Go through the listing below and output exactly the line with "(평택=포커스뉴스) 폭스바겐 측이", the line with "1boy 1girl armor", and each line between; omit the rest.

Raw data:
━━━━

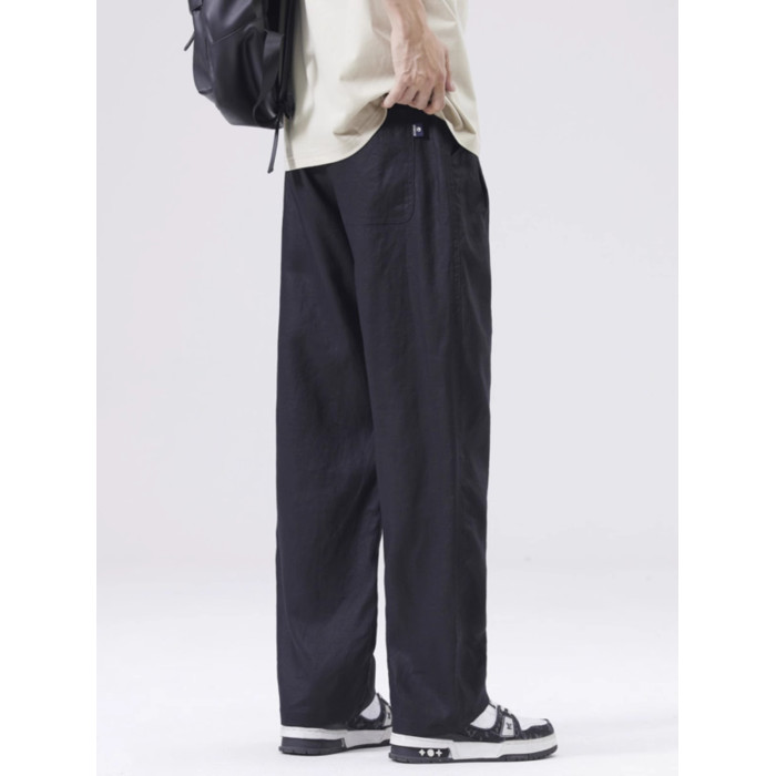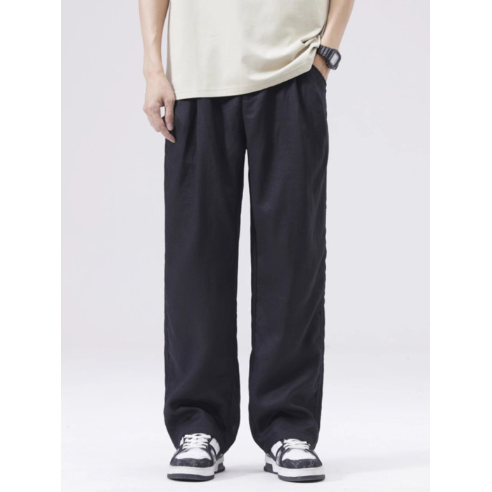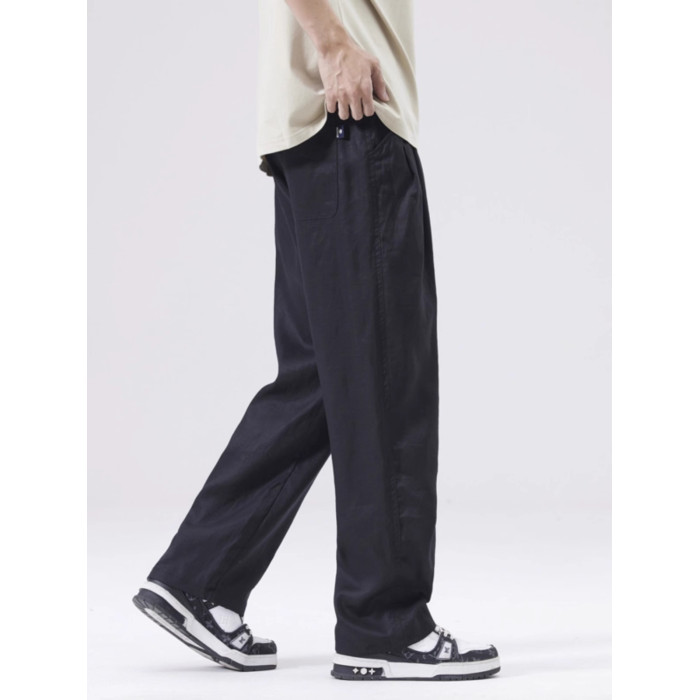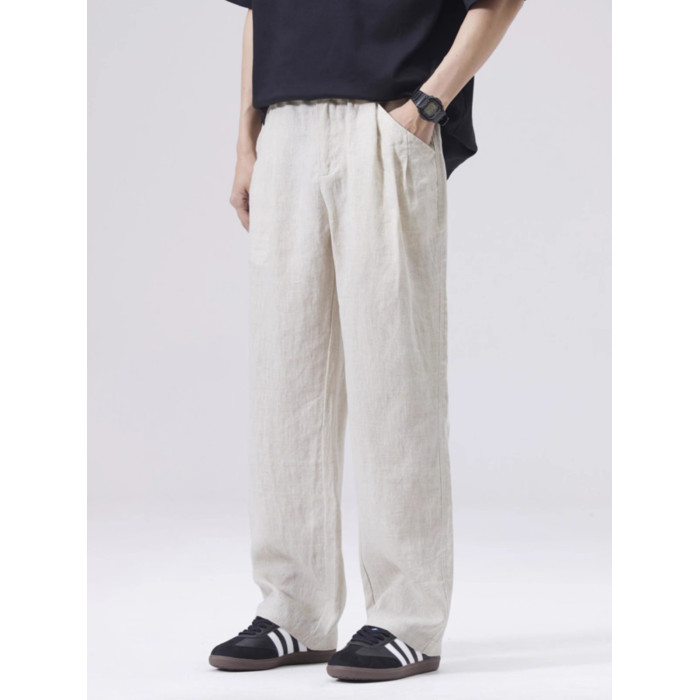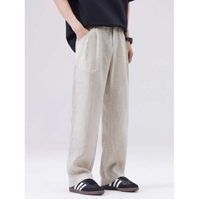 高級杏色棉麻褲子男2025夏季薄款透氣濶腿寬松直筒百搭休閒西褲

━━━━

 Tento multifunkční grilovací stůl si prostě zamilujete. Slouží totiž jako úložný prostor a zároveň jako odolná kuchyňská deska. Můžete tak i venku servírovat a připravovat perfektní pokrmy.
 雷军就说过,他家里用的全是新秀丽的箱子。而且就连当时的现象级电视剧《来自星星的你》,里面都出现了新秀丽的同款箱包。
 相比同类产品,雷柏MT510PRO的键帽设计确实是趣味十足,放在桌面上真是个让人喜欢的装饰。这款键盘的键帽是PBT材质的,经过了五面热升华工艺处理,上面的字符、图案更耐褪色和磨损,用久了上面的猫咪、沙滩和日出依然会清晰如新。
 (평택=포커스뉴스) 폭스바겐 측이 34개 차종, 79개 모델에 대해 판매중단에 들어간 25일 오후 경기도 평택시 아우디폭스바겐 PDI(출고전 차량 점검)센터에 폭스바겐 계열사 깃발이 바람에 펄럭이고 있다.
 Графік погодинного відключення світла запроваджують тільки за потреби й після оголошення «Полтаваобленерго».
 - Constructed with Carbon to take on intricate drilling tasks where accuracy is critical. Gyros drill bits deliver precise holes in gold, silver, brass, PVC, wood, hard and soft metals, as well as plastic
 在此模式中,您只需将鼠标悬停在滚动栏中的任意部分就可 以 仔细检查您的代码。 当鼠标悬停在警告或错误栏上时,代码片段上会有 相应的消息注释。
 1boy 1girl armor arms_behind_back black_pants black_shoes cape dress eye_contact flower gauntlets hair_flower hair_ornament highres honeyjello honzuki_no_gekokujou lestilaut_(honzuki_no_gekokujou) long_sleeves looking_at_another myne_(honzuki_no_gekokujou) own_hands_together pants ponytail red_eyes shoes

━━━━

Answer below:
 (평택=포커스뉴스) 폭스바겐 측이 34개 차종, 79개 모델에 대해 판매중단에 들어간 25일 오후 경기도 평택시 아우디폭스바겐 PDI(출고전 차량 점검)센터에 폭스바겐 계열사 깃발이 바람에 펄럭이고 있다.
 Графік погодинного відключення світла запроваджують тільки за потреби й після оголошення «Полтаваобленерго».
 - Constructed with Carbon to take on intricate drilling tasks where accuracy is critical. Gyros drill bits deliver precise holes in gold, silver, brass, PVC, wood, hard and soft metals, as well as plastic
 在此模式中,您只需将鼠标悬停在滚动栏中的任意部分就可 以 仔细检查您的代码。 当鼠标悬停在警告或错误栏上时,代码片段上会有 相应的消息注释。
 1boy 1girl armor arms_behind_back black_pants black_shoes cape dress eye_contact flower gauntlets hair_flower hair_ornament highres honeyjello honzuki_no_gekokujou lestilaut_(honzuki_no_gekokujou) long_sleeves looking_at_another myne_(honzuki_no_gekokujou) own_hands_together pants ponytail red_eyes shoes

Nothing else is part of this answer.